» WORK TO COMPLETE
Please retype the records below exactly, from the first line through the line containing "利用电子探针对TP304L不", and leave out any pictures.

[Stored items from a collection]
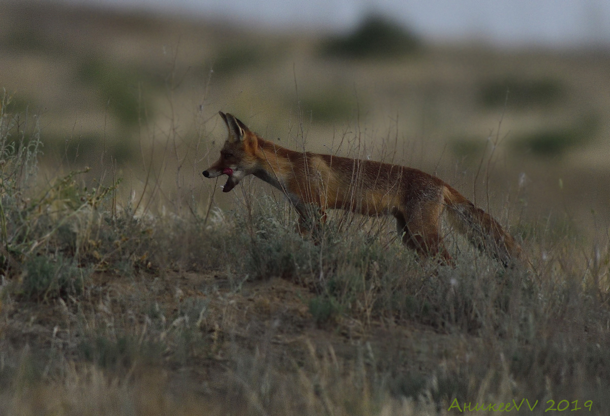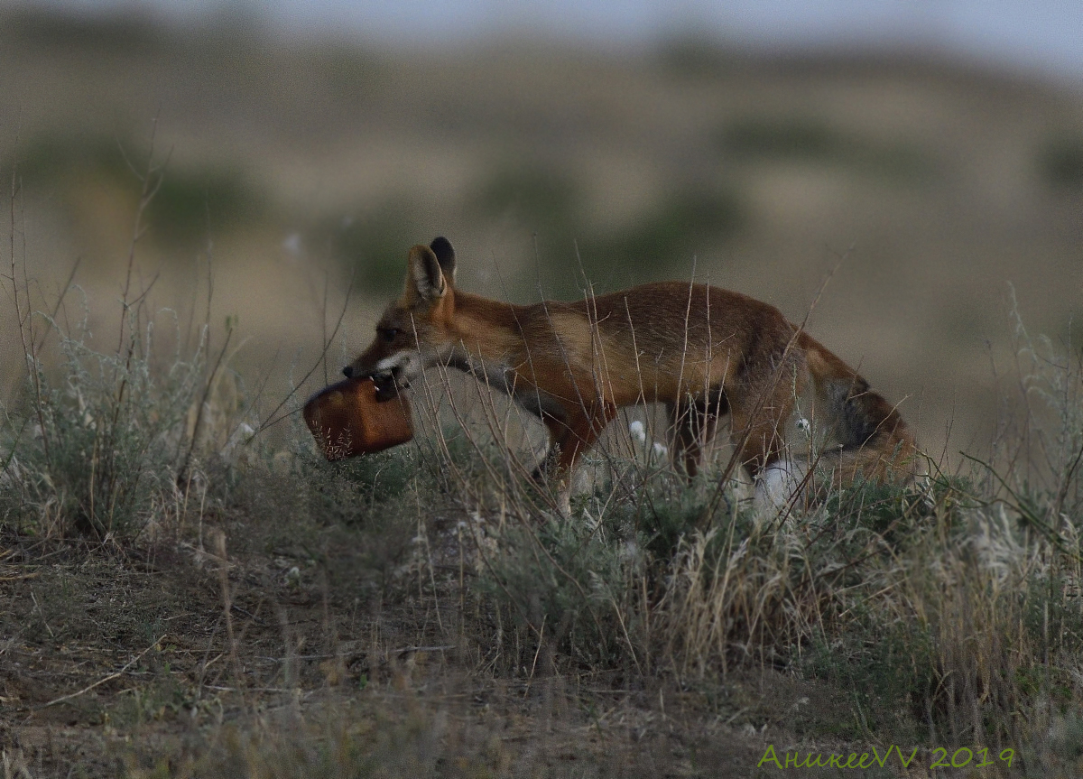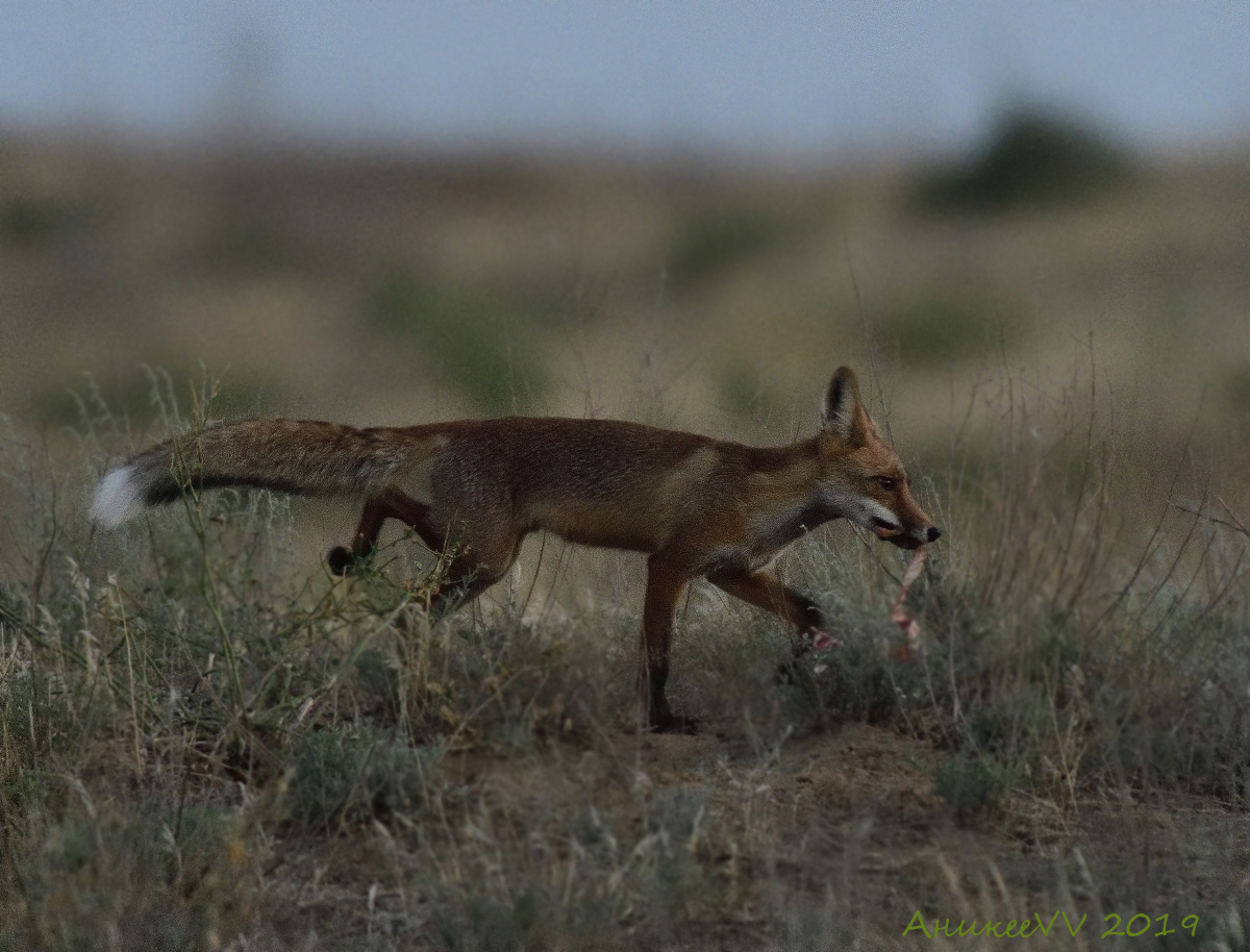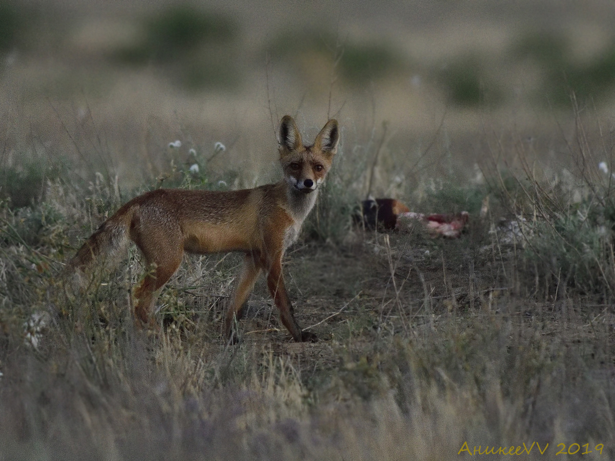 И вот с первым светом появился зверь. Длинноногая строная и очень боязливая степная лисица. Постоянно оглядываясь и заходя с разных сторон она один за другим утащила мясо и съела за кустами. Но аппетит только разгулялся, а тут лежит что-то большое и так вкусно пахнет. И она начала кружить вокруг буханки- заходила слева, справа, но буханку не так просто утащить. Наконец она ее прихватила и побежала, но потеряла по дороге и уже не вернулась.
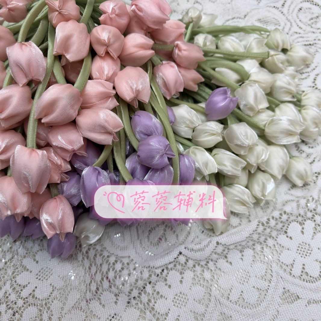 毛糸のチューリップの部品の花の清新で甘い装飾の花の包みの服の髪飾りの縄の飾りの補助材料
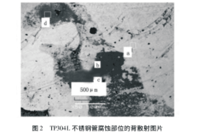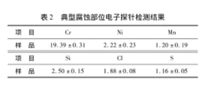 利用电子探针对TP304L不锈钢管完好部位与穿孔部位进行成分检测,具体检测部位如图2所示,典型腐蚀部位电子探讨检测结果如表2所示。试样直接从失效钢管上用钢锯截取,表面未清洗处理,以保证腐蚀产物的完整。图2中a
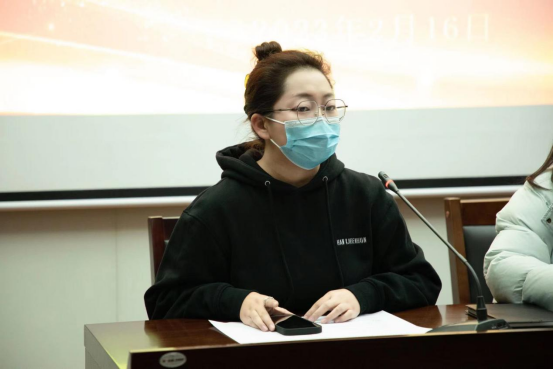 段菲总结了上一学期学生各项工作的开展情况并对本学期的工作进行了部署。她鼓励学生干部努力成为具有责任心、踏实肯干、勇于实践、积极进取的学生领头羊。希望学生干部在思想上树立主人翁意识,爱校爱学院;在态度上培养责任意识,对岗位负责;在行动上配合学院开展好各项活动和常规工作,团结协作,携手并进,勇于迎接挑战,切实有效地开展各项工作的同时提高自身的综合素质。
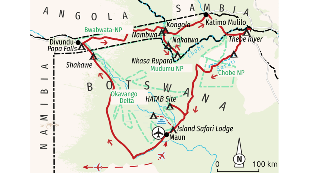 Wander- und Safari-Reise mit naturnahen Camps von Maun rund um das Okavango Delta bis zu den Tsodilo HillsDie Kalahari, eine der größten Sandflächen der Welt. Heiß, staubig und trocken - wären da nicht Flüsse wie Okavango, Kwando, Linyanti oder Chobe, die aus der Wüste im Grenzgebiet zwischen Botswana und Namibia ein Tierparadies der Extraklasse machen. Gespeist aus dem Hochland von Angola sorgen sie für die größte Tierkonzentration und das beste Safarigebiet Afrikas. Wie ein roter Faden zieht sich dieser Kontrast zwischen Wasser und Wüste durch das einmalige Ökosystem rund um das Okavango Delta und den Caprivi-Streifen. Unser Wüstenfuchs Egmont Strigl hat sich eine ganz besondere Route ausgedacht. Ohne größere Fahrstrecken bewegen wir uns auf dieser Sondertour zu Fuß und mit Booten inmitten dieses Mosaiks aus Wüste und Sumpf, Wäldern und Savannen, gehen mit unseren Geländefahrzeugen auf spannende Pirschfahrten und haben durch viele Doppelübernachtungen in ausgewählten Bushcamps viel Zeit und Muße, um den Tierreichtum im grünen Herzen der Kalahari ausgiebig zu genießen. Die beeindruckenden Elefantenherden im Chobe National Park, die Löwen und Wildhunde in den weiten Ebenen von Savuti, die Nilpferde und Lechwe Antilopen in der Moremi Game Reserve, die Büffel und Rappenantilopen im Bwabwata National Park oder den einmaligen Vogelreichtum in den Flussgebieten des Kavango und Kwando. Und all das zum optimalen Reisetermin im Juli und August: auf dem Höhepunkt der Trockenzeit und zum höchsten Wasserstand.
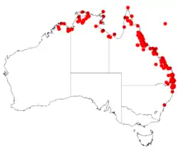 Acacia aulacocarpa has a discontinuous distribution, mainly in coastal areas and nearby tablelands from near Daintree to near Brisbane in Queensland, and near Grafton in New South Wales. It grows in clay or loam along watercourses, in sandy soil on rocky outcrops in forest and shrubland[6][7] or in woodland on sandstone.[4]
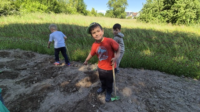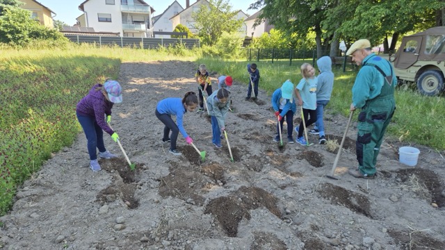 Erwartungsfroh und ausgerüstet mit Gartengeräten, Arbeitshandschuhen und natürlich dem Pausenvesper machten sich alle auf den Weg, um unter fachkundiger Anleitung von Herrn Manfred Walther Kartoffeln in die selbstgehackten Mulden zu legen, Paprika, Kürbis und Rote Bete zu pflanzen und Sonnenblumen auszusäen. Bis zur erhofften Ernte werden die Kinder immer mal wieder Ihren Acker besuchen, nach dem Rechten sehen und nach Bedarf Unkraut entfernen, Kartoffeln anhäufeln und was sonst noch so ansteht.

» TASK SOLUTION
 И вот с первым светом появился зверь. Длинноногая строная и очень боязливая степная лисица. Постоянно оглядываясь и заходя с разных сторон она один за другим утащила мясо и съела за кустами. Но аппетит только разгулялся, а тут лежит что-то большое и так вкусно пахнет. И она начала кружить вокруг буханки- заходила слева, справа, но буханку не так просто утащить. Наконец она ее прихватила и побежала, но потеряла по дороге и уже не вернулась.
 毛糸のチューリップの部品の花の清新で甘い装飾の花の包みの服の髪飾りの縄の飾りの補助材料
 利用电子探针对TP304L不锈钢管完好部位与穿孔部位进行成分检测,具体检测部位如图2所示,典型腐蚀部位电子探讨检测结果如表2所示。试样直接从失效钢管上用钢锯截取,表面未清洗处理,以保证腐蚀产物的完整。图2中a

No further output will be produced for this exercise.